С утра её обследовали, анализы брали, возили на УЗИ, МРТ. Потом пришёл врач, тот же самый, Василий Васильевич. Поговорил с Софьей о том, о сём, вопросы позадавал. Рассказал , что её привезли с жуткой аварии. Её и ещё нескольких человек, стоящих на автобусной остановке, сбил пьяный шофёр грузовика, кого-то протаранил, а её сшиб машиной, и она упала, ударившись головой о камень. Закрытая черепно-мозговая травма, осложнённая ушибом мозга. Небольшая гематома. Оперативное вмешательство не требовалось, обычно при подобных травмах больные достаточно быстро приходят в сознание. Но что-то пошло не так, и, несмотря на интенсивную терапию, она, Софья, целых четыре месяца лежала без каких-либо улучшений, в коме. Все возможные схемы лечения испробовали. Он даже в столицу звонил, в НИИ травматологии, консультировался. Ничего нового не узнал, все только плечами пожимали, мол, бывают и подобные необъяснимые случаи. Поэтому они начали её к выписке готовить. Сын ищет подходящее место для неё.
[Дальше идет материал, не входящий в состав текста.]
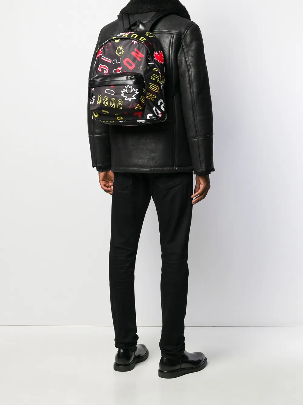 Рюкзак с принтом Icon от Dsquared2 (Дискуэд), верхняя ручка, регулируемые лямки , передний карман на молнии, застежка на молнии сверху, главный внутренний отдел, внутренний карман на молнии и внутренняя вставка с логотипом, цвет черный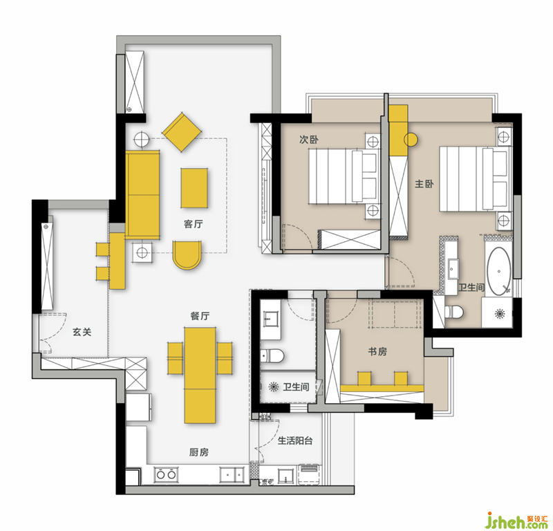 由于目前是兩人常住計劃三五年后再增加成員,于是我們根據需求反推戶型不做調整。兩間房完整保留,將重點轉到功能格局和動線的優(yōu)化上。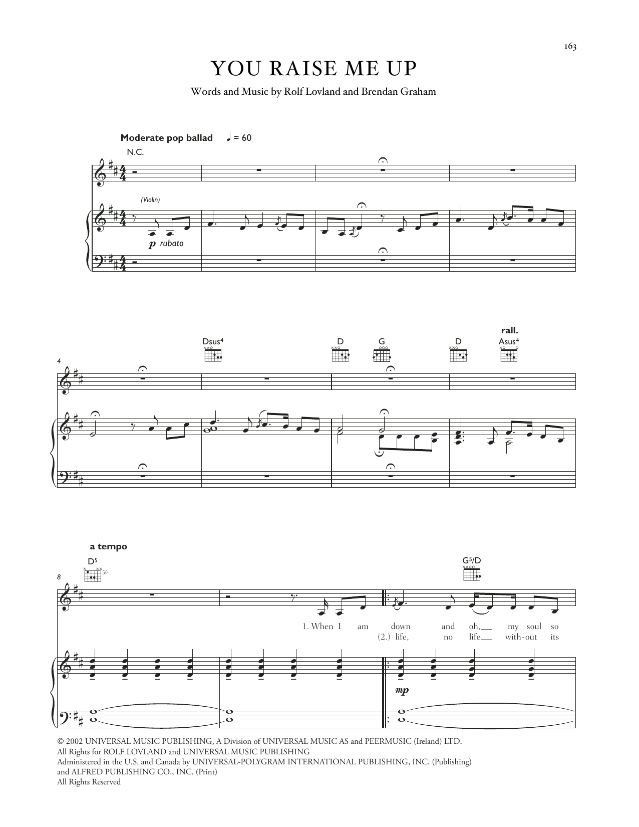 Download or print Celtic Woman You Raise Me Up sheet music, chords and digital score arranged for Piano, Vocal & Guitar Chords (Right-Hand Melody). This Celtic score includes 5 page(s).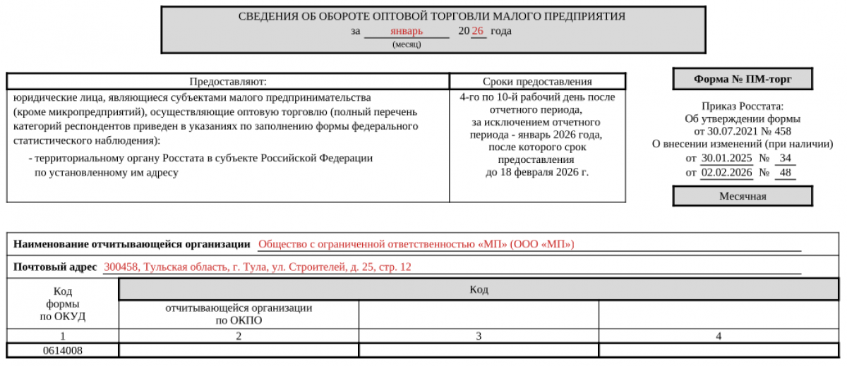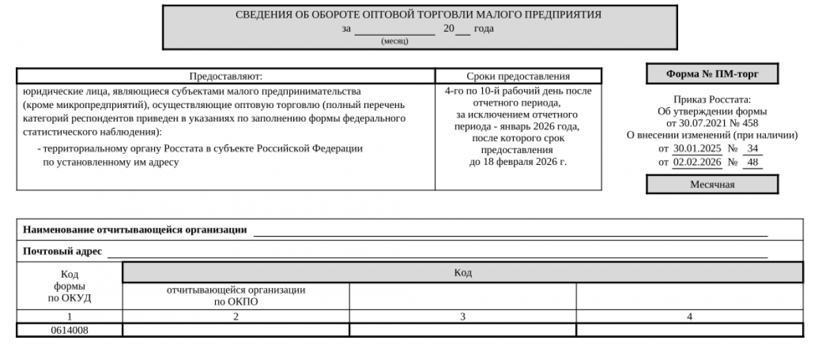 В 2026 г. для заполнения формы ПМ торг применяется бланк, утвержденный приказом Росстата от 30.07.2021 № 458 (в ред. от 20.02.2026). Он доступен для скачивания на нашем портале.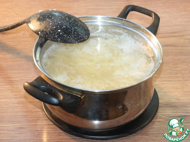 5. Доводим воду до кипения и бланшируем картофель, 2-3 минуты или до полуготовности.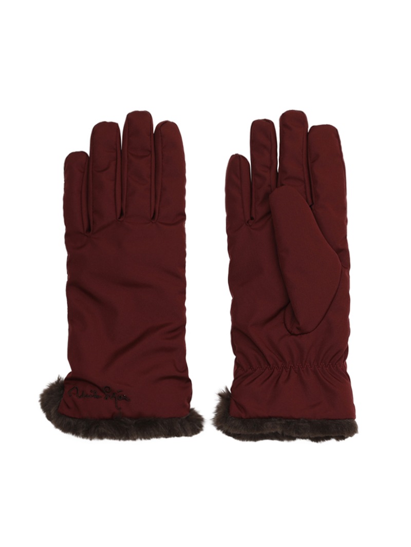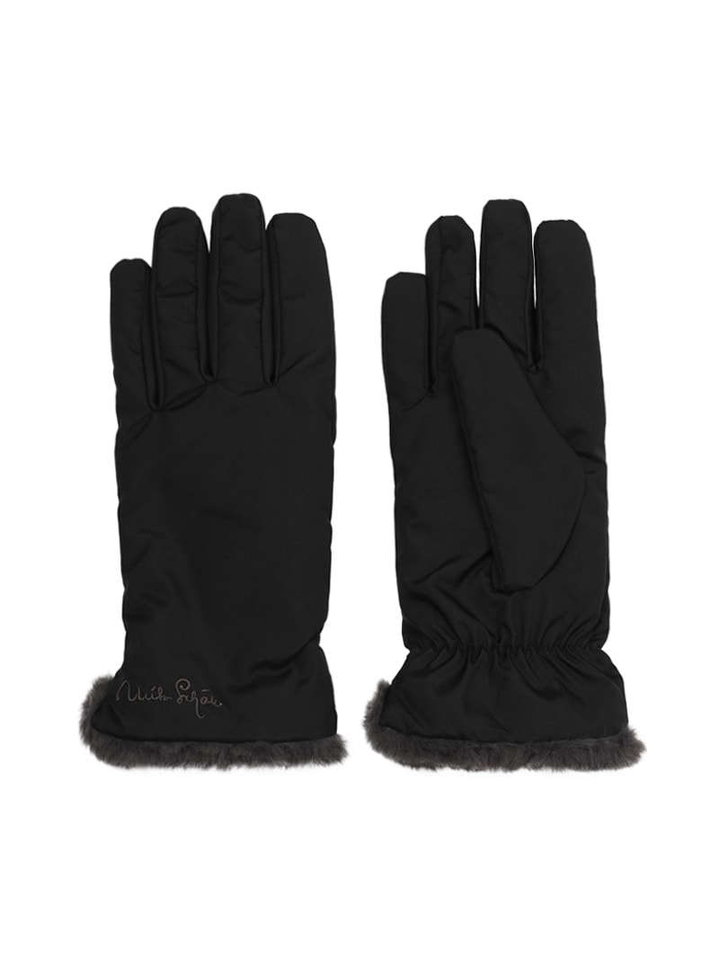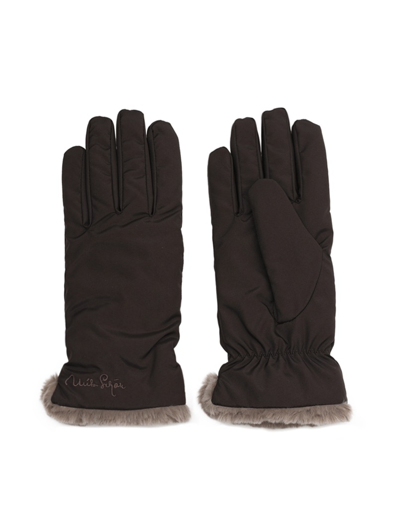 マットなタフタ素材に撥水加工が施された手袋。カフス裏のエコファーが暖かさを保ち、天候を気にせずお使いいただけます。ミラ・ショーンのロゴ刺繍がアクセント。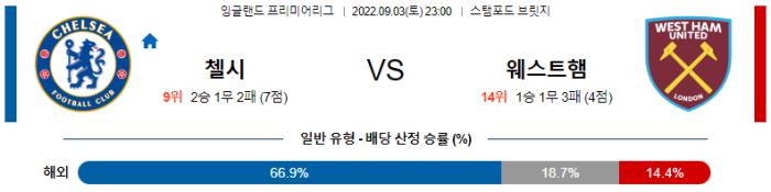 잉글랜드 프리미어리그 9월 3일 23:00 첼시 : 웨스트햄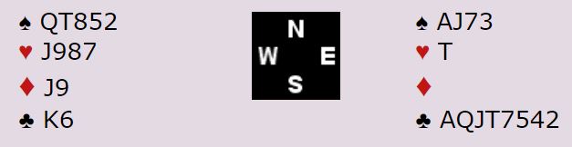 Øst, Agnethe Hansen Kjensli åpnet med 1 kløver. Fra syd kom 5 ruter! Det gikk pass, pass tilbake til Agnethe. Alt kan være riktig nå, men hun følte naturlig nok at hun måtte melde en gang til. Kanskje 5 spar er en mulighet? Hun sa imidlertid 6 kløver, og da hadde ingen noe å tilføye.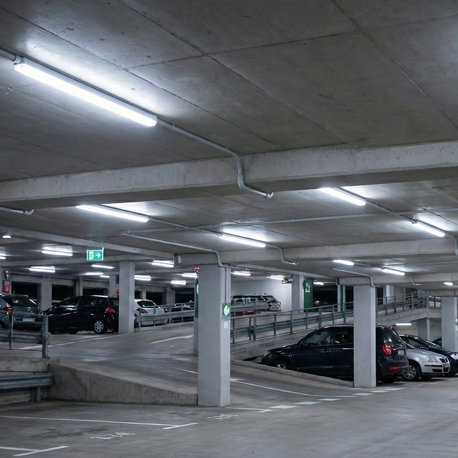 • LED Damp Proof – Robuste Feuchtraumleuchten für Parkhäuser, Werkstätten und Industriehallen.
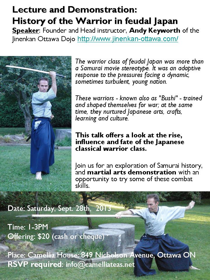 At the gracious invitation of Camellia Teas, Dojo-Cho Andy Keyworth will deliver a history lecture on the "History of the Warrior in Feudal Japan". A demonstration of some of the martial arts made famous by the warrior class will follow in the garden (with modification possibly necessary due to weather). Camellia Teas is a beautiful setting for an exploration of this aspect of Japanese history.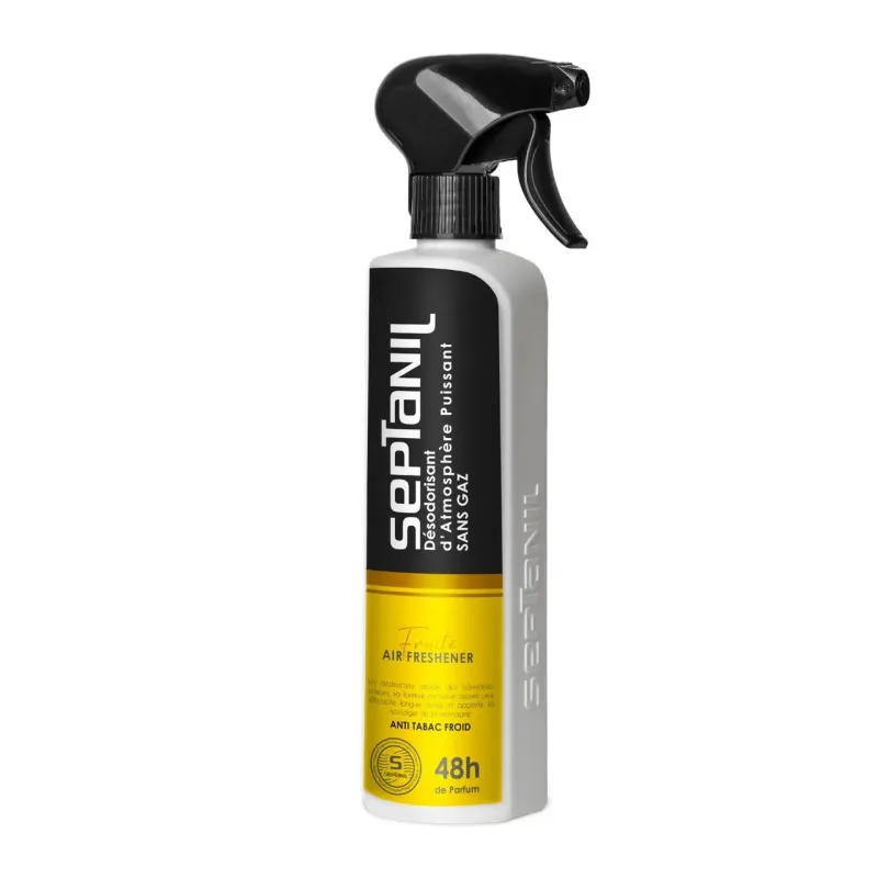 Le SEPTANIL DÉSODORISANT D'ATMOSPHÈRE PUISSANT FRUIT JUTEUX 500ML est une brume d'ambiance concentrée et efficace, conditionnée dans un flacon pulvérisateur sans gaz propulseur. Il est conçu pour être un destructeur rapide des mauvaises odeurs (y compris le tabac froid), tout en laissant derrière lui une fragrance vibrante de Fruit Juteux. Cette senteur est souvent associée à une ambiance fruitée, fraîche, joyeuse et gourmande, rappelant l'été et la vitalité. Sa formule exclusive garantit une efficacité longue durée, le parfum pouvant persister durablement dans l'air et sur les textiles. Ce désodorisant transforme instantanément l'atmosphère en un lieu plus accueillant et énergique, idéal pour neutraliser les odeurs tenaces.

-Это какое же место?- нахмурилась Софья.
— Специализированный пансионат, с лечением и уходом. В нашем районе таких нет, сын ваш нашёл по интернету, уехал смотреть в другую область. Но я ему ещё утром позвонил, думаю, что скоро вы встретитесь. Сегодняшнее обследование показало, что состояние вашего организма вполне приличное, возможно полное выздоровление. Все основные функции сохранены: и глотательная, и двигательная, и речевая, и когнитивные. Пару недель вас подержим, научитесь снова ходить, есть. Жить! И – домой! Так что настраивайтесь. Врач — реабилитолог покажет вам упражнения лечебной физкультуры, мышцы укреплять надо, суставы разрабатывать. Психолога подключим, его помощь тоже не будет лишней. « Заснули» вы в апреле, а уже август на дворе. Я очень, очень рад за вас. Поправляйтесь! — Василий Васильевич улыбнулся и вышел из палаты.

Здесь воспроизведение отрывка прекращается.